Sam dyrektor dopatrywał się w tym działań o podłożu politycznym. Wyniki swojej przeszło 20-letniej pracy na stanowisku dyrektora obecnego Samodzielnego Publicznego Pogotowia Ratunkowego (SPPR) oceniał wysoko. Od 1998 r., kiedy objął funkcję, był odpowiedzialny za rozwój, rozbudowę i prawidłowe funkcjonowanie pogotowia, i nie zgłaszano do jego pracy żadnych zastrzeżeń.
Jeszcze w 2011 r. uzyskał zgodę na dodatkowe zatrudnienie w wymiarze 42 godzin w Samodzielnym Publicznym Gminnym Zakładzie Opieki Zdrowotnej. Ale wobec pandemii, Zarząd Powiatu zgodę tę cofnął, uzasadniając swoją uchwałę zwiększeniem obszaru działania pogotowia. Trzy miesiące później, w kolejnej uchwale, pozbawił dyrektora w trybie natychmiastowym stanowiska i pracy „za ciężkie naruszenie obowiązków pracowniczych, polegające na wykonywaniu dodatkowego zatrudnienia".
Czytaj więcej
Resort zdrowia chce dalszego upaństwowienia ratownictwa medycznego. Eksperci: to straszak na dyrektorów stacji pogotowia.
Zwolniony dyrektor odwołał się do sądu rejonowego i złożył skargę do Wojewódzkiego Sądu Administracyjnego w Rzeszowie.
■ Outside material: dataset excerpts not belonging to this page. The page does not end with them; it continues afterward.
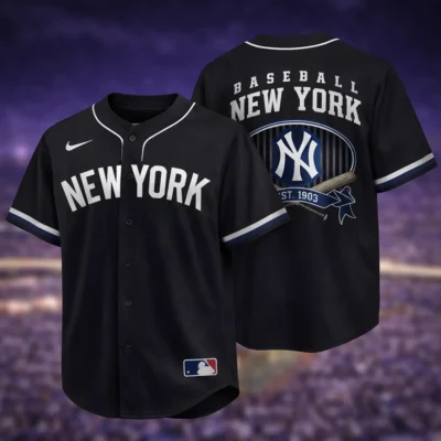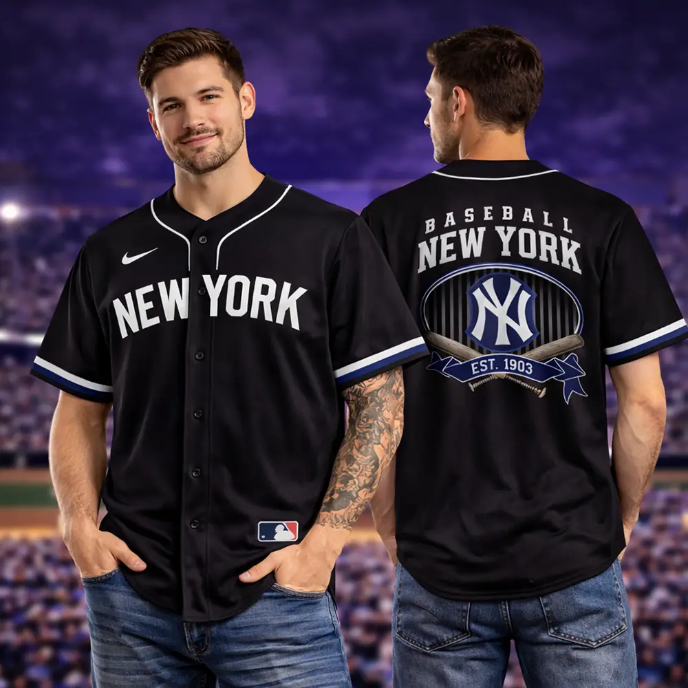 Show off a clean and classic baseball style with this New York jersey in black. The front features bold New York lettering, while the back includes baseball-themed artwork, the NY logo, a bat detail, and Est. 1903 design. The black color gives it a strong and timeless look that is easy to match with jeans, shorts, or sneakers. Great for everyday wear, game day, or as a gift for baseball fans.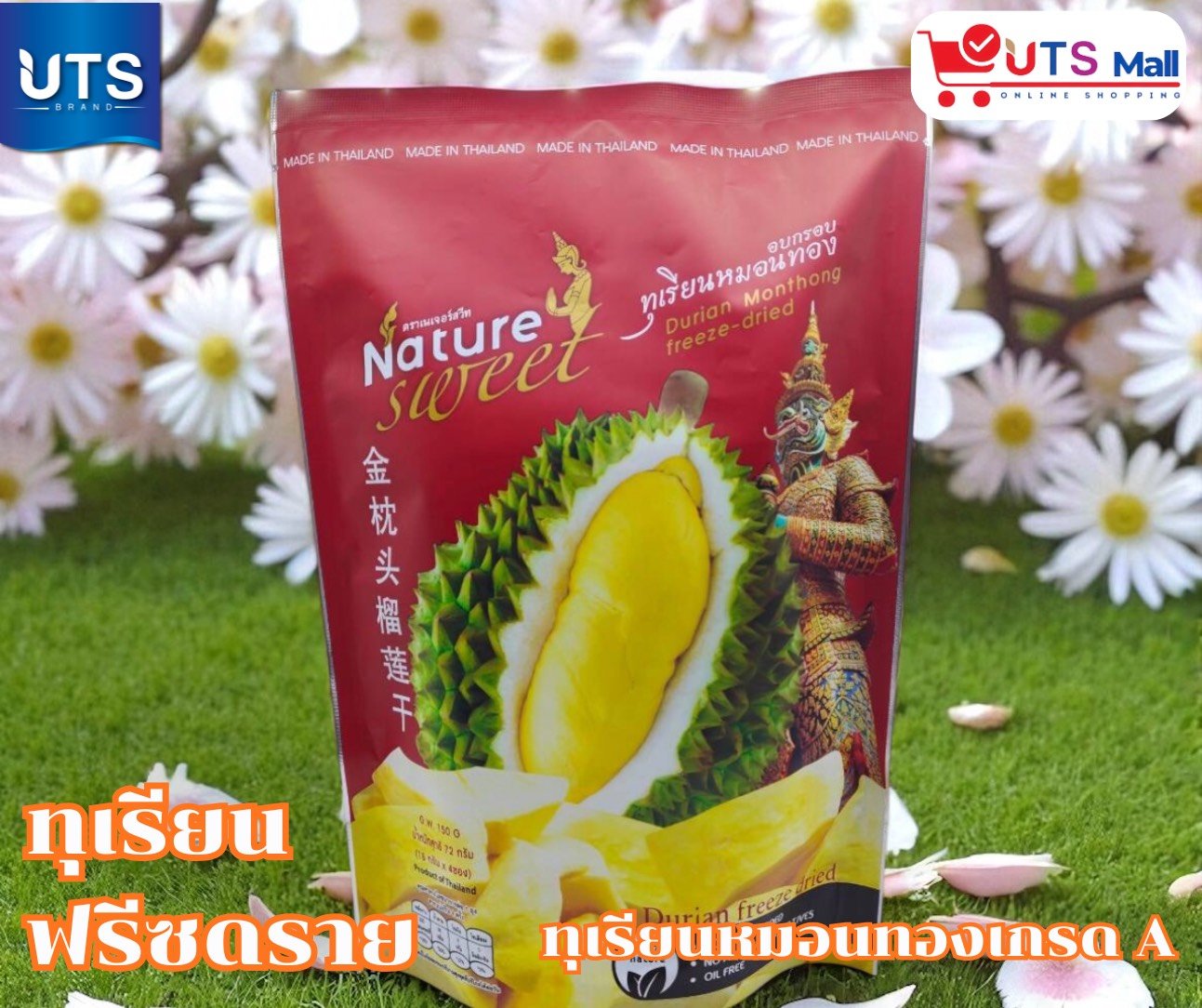 1 ห่อ บรรจุ 4 ซอง ซองละ 12 กรัม ทุเรียนฟรีซดราย เนเจอร์สวิท ใช้เนื้อทุเรียนหมอนทองเกรดเอ 100% ยูทีเอสแบรนด์คัดสรรคุณภาพความอร่อย มาตรฐานส่งออก รสชาติหอมหวาน กรอบ ด้วยกระบวนการฟรีซดรายที่ทันสมัยไม่เสียคุณค่าทางอาหาร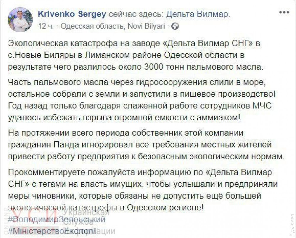 О масштабном разливе пальмового масла на заводе «Дельта Вильмар СНГ» в селе Новые Беляры под Южным 1 декабря сообщил депутат Лиманского райсовета Сергей Кривенко.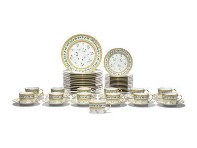 An A. Raynaud et Cie. Limoges Morning Glory Spray Parcel-Gilt Porcelain Dinner Service

W skardze zarzucił, że przed podjęciem uchwały o cofnięciu zgody na dodatkowe zatrudnienie nie umożliwiono mu bezpośredniego wypowiedzenia się w tej kwestii i przedstawienia swojej argumentacji. Zarząd Powiatu podjął natomiast następną uchwałę, która pozbawiła go stanowiska i pracy. Tymczasem brak lekarzy w gminnej placówce leczniczej uniemożliwiał rozwiązanie umowy o dodatkowe zatrudnienie w trybie natychmiastowym. W grę wchodził również interes pacjentów. W dniu wydania zaskarżonej obecnie uchwały umowa cywilnoprawna łącząca skarżącego z poradnią była już zresztą rozwiązana.
Zasada praworządności obowiązująca organy władzy publicznej wymaga, by podjęcie decyzji poprzedziło wyczerpujące zebranie i rozpatrzenie wszystkich istotnych okoliczności. Tak się tu nie stało – ocenił WSA, stwierdzając nieważność uchwały.